I am getting a little weary of the amount of spam the forum (admins) get. 
I'm tired of come-ons for: 
viagra
a larger penis
a longer penis
a harder penis

I'm tired of people trying to sell me OEM crap.

I'm tired of people registering with the birthday of March 28, 1983. Boy, was that a hard day for women around the world! 

This is the latest thing I am tired of....


> Ave, dear
> 
> Love is all we need and all we want from life. My heart is like
> an open book where you can write our love story, beautiful and
> ...



I particularly liked that the url was hotlove.com/kidding and yet in the next sentence she indicated she was serious.  Is she kidding or serious?!

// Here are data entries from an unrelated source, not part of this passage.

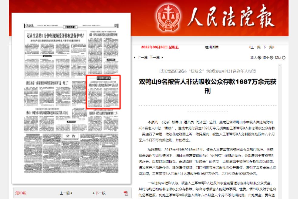 近日,黑龙江省双鸭山市中级人民法院对向431名老人非法“圈钱”、造成未兑付资金1098万余元损失的王某军等9人非法吸收公众存款一案进行了审理,依法裁定驳回上诉、维持原判,被告人王某军等9人分别被判处四年六个月至六个月不等有期徒刑,并处罚金。
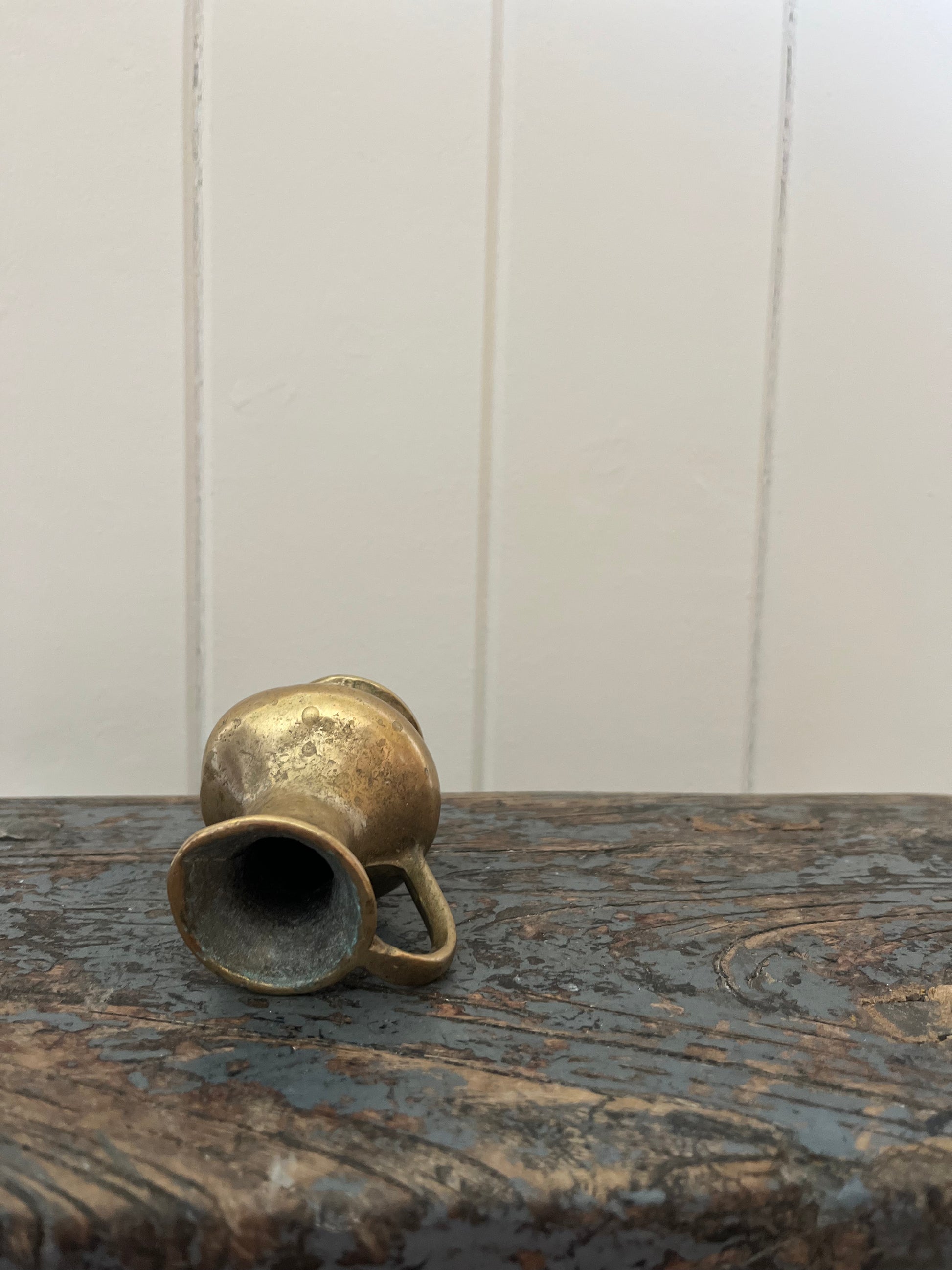 Small little brass jug measuring approx 7cm high, adorable decorative item, or for a very tiny floral display. Lovely vintage condition.
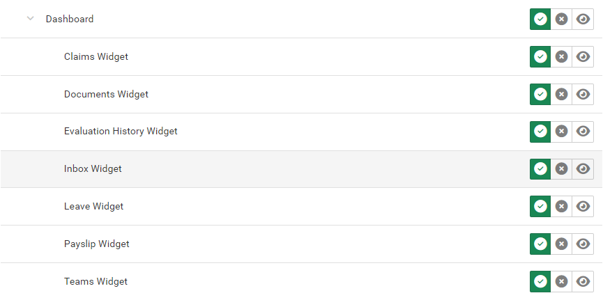 Select the green checkmark for the Inbox Widget permission and click on Update.
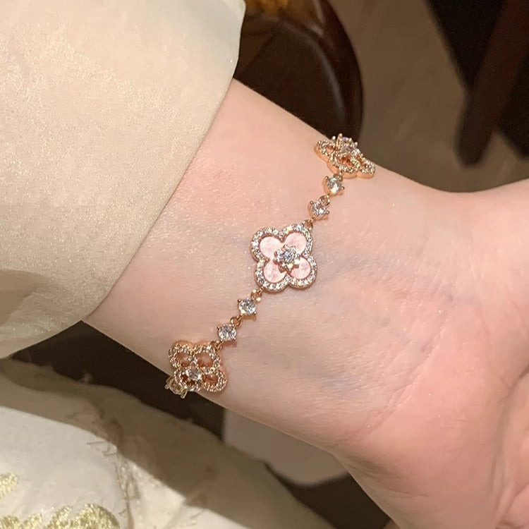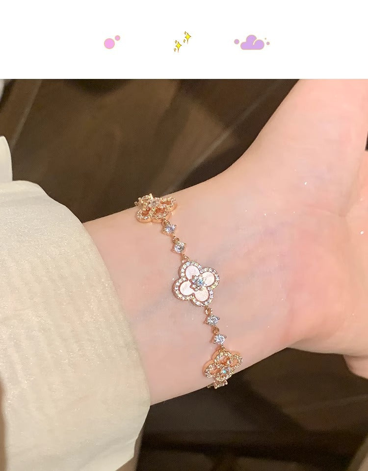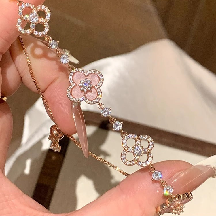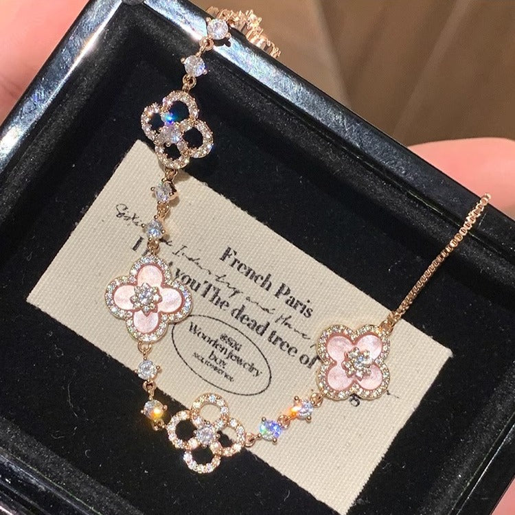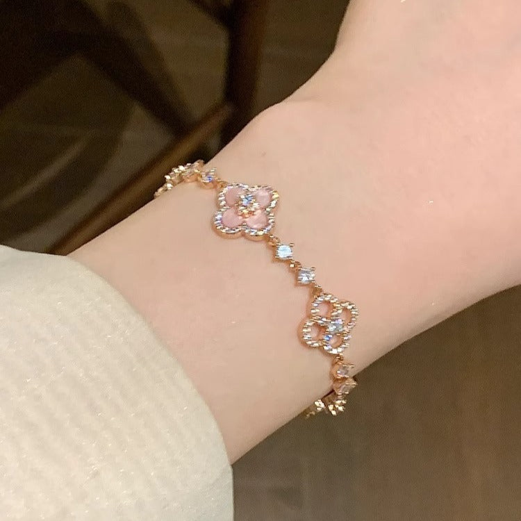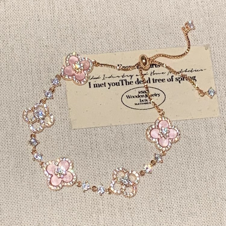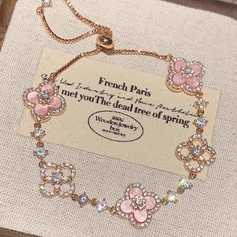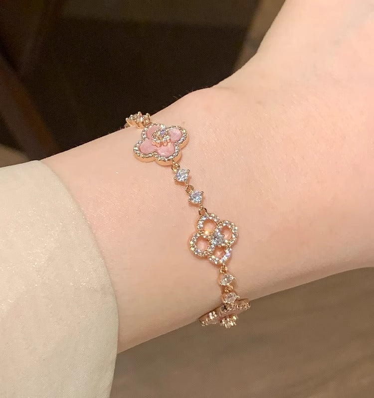 This charming four-leaf clover bracelet brings together elegance, symbolism, and color. Featuring beautifully enameled clovers in your choice of pink, silver, blue, or purple, each flower is outlined with glistening crystals. Crafted in durable copper with a high-quality silver-plated finish, the bracelet resists fading and adds just the right amount of sparkle. The adjustable sliding clasp makes it easy to get the perfect fit, whether worn snug or loose. It's the ideal blend of whimsical charm and everyday practicality.
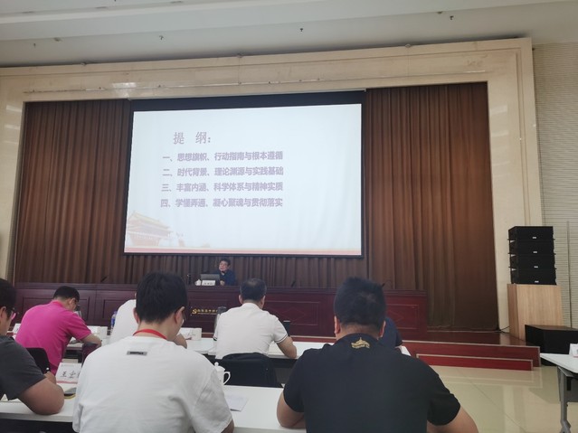 下午,全体学员参加学习了以“加强党的创新理论武装,开创事业发展新局面”为题的专题讲座,从“思想旗帜、行动指南与根本遵循”“时代背景、理论渊源与实践基础”“丰富内涵、科学体系与精神实质”“学懂弄通、凝心聚魂与贯彻落实”四个方面深入学习了习近平新时代中国特色社会主义思想。
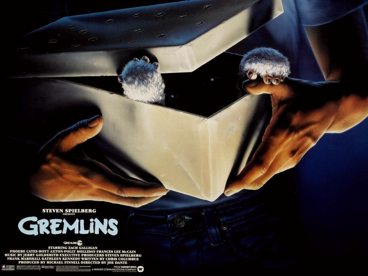 Description: A movie poster for the film gremlin's starring the cat in the box with the hands of a man.
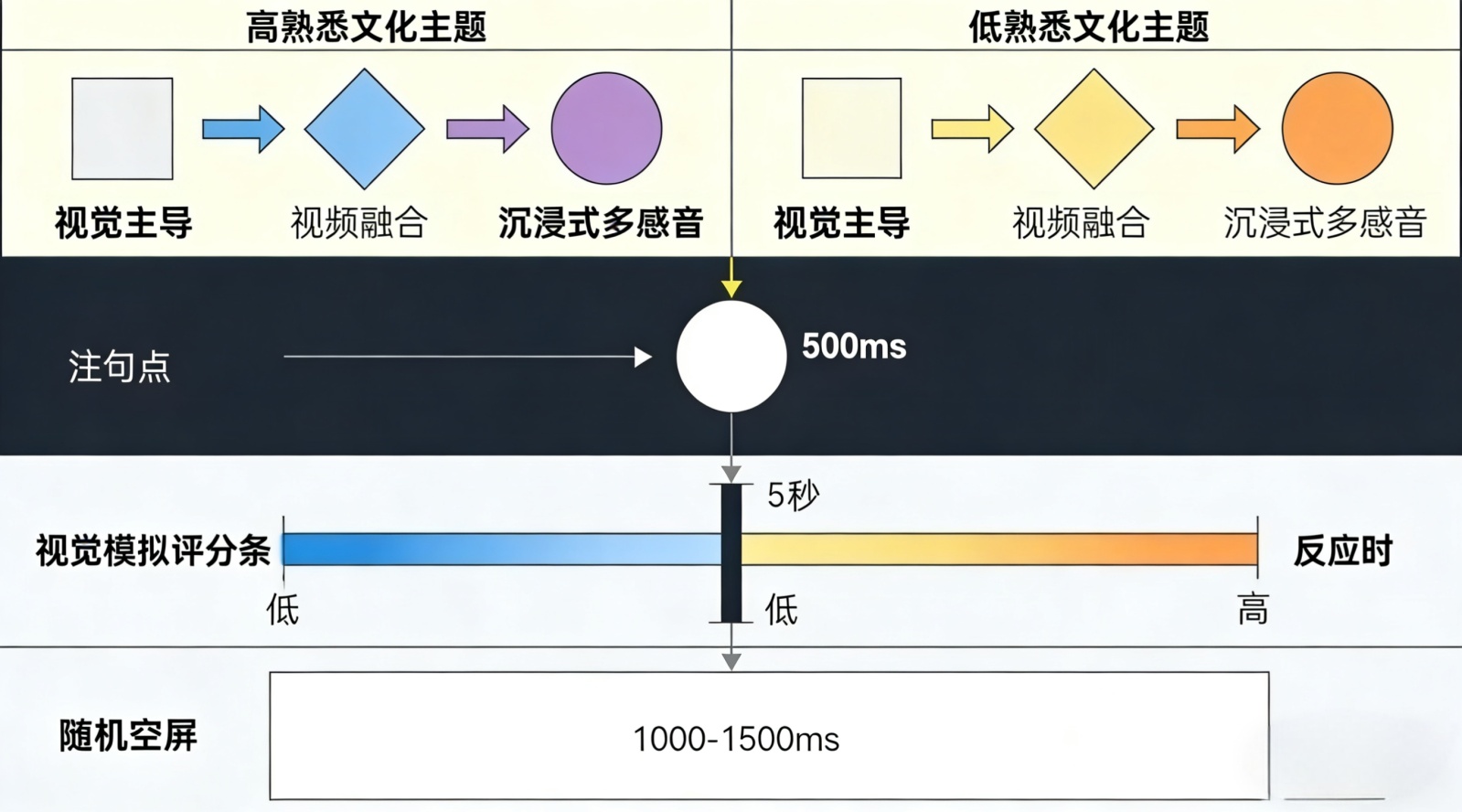 H3 (神经调节效应):个体文化背景调节交互类型对神经指标的影响。高文化匹配者对归化内容(如视听融合)可能表现出更强的积极情绪与自我参照神经活动(如LPP增强);低文化匹配者对异化内容(如沉浸式体验)可能引发更强的认知冲突与新异性加工信号(如N400增强) [9]。

Someone, please enlighten me.


----------



## Marco (Mar 20, 2007)

dip it in some scrambled eggs fry on both sides till lightly cooked serve with some ketchup and scrambled eggs. mmm mmm goodness


----------



## Heather (Mar 20, 2007)

Umm, i think you missed my point, Marco, dear. ity:


----------



## smartie2000 (Mar 21, 2007)

:rollhappy: sorry I can't help it...
I wonder how much crap the other forums are getting...any ppl against orchid growers send threats? ...hmm are there ppl against us?


----------



## NYEric (Mar 21, 2007)

Heather said:


> I'm tired of come-ons for:
> viagra
> a larger penis
> a longer penis
> a harder penis


Damn, there goes half my rap! :wink:


----------



## bwester (Mar 21, 2007)

Sorry, I sent the ones about the larger and longer penis, I just wanted to help people be a little more like me


----------



## Rick Barry (Mar 21, 2007)

Heather,

Don't be too critical. Mom's just trying to supplement her Social Security checks. What with the pet food recall, it's getting tough for a retiree to put together a decent meal!

Rick


----------



## SlipperFan (Mar 21, 2007)

Heather said:


> Umm, i think you missed my point, Marco, dear. ity:


Hmmm -- maybe he's talking about penises...


----------



## Marco (Mar 21, 2007)

yech...nope..im talking about spam! oke:


----------



## NYEric (Mar 22, 2007)

SlipperFan said:


> Hmmm -- maybe he's talking about penises...


OUCH!!!


----------